I would recommend that the GM let the player find some rare mineral that could be used to offset the xp cost. (More adventures to find and mine deposits of said mineral in various exotic locales.)

The original poster had already offered the player a plot device to accomplish the task. This is a RAW way to accomplish the job as efficiently as I can find without extensive searching.

Your city should also be safe from one disjunction spell taking the whole thing down, although enough dedicated effort would do the job. But that applies to normal cities as well.

Kelb_Panthera
2012-10-10, 05:33 PM
The base costs for mine are pretty low. Just the cost of a decent sized khyber shard, a casting of gate, and wages for a few hirelings for the core of the idea.

I suppose I could try to dig up a set of reasonable costs for the rest. I'll get back to you.

Arcanist
2012-10-10, 05:39 PM
I would recommend that the GM let the player find some rare mineral that could be used to offset the xp cost. (More adventures to find and mine deposits of said mineral in various exotic locales.)

FOOL! TRUE ARCANIST ELEVATE CITIES USING THE SOULS OF THEIR ENEMIES! DARK CRAFT XP! DARK CRAFT GOLD! SOULS! ALL ARE INSIGNIFICANT UNDER THE WEIGHT OF MY STUDIOUS MIND! :smallamused:

... But yeah, just use Souls to make it... You're city might exude an Evil Aura, but if that is really a problem, just redeem the items... I'm sure the DM will consider redeeming the item if you "Fill it with the grateful tears of 1,000 mothers whose dead children have returned to life."

RFLS
2012-10-10, 05:45 PM
FOOL! TRUE ARCANIST ELEVATE CITIES USING THE SOULS OF THEIR ENEMIES! DARK CRAFT XP! DARK CRAFT GOLD! SOULS! ALL ARE INSIGNIFICANT UNDER THE WEIGHT OF MY STUDIOUS MIND! :smallamused:

... But yeah, just use Souls to make it... You're city might exude an Evil Aura, but if that is really a problem, just redeem the items... I'm sure the DM will consider redeeming the item if you "Fill it with the grateful tears of 1,000 mothers whose dead children have returned to life."

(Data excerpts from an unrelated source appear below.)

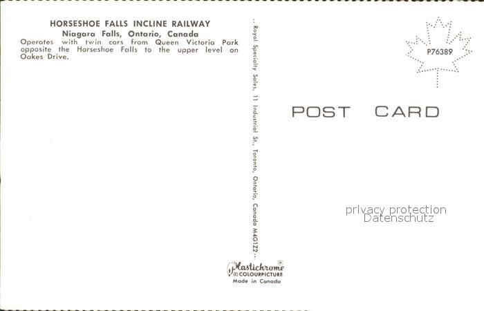 Niagara Falls Ontario Horseshoe Falls Inline Railway postalisch nicht gelaufen Erhaltung siehe scans
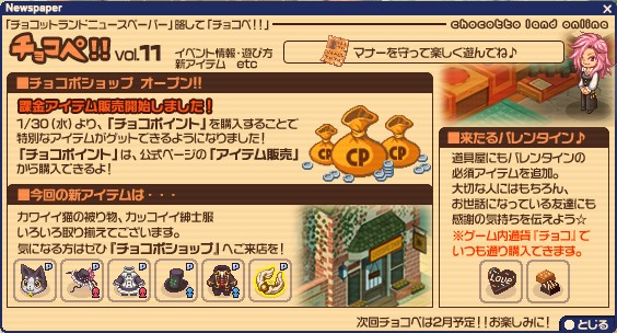 某所では次回チョコぺ更新時にイベントが開始されるのでは?という説も出ていますが、個人的にはどうかな?と思ったりしています。まあ、ハンゲの開発スタッフに期待しつつ指をくわえて待つことにしましょう。
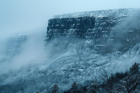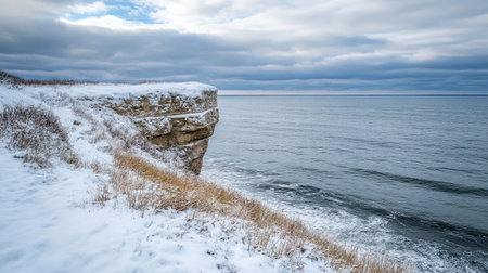 Cliff edge dusted with snow under a dramatic winter sky and icy landscape
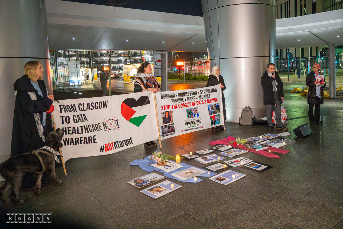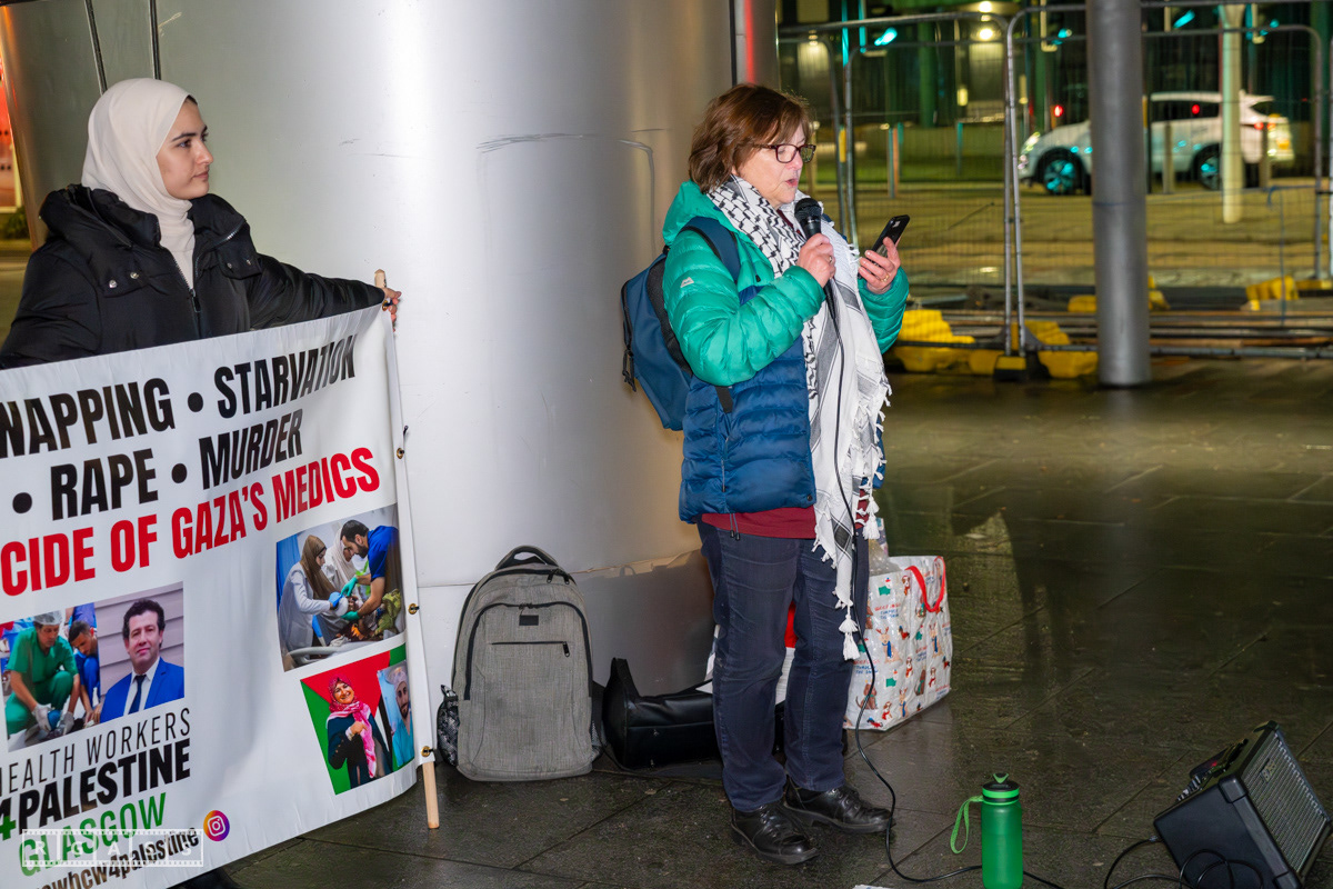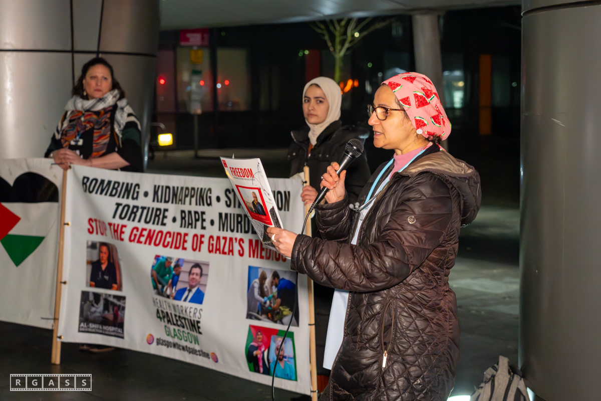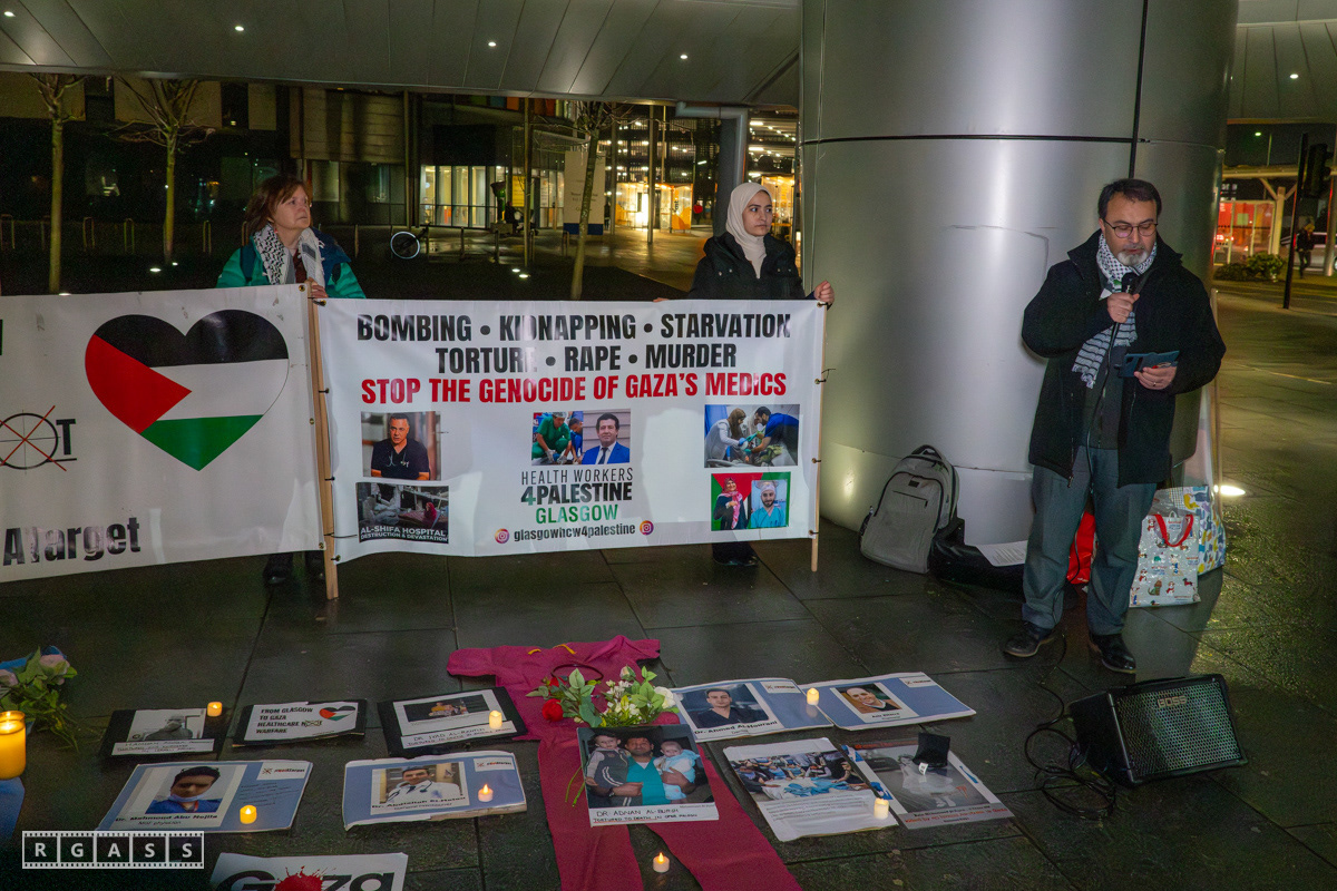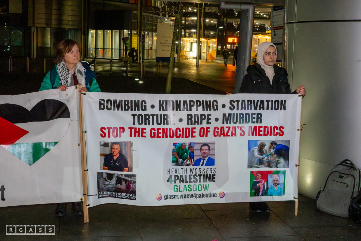 Glasgow, UK. 31 January 2025. Health Workers 4 Palestine vigil outside the main entrance to the Queen Elizabeth Hospital.

Uhm...yeah, I'm just going to stick with the khyber shard thing.

Arcanist
2012-10-10, 05:50 PM
Uhm...yeah, I'm just going to stick with the khyber shard thing.

... Oh... Okay... I'll just be over here... Sure you don't wanna at least consider the soul idea? :smallfrown:

RFLS
2012-10-10, 06:12 PM
... Oh... Okay... I'll just be over here... Sure you don't wanna at least consider the soul idea? :smallfrown:

Pretty sure; I think they generally good group might have an issue.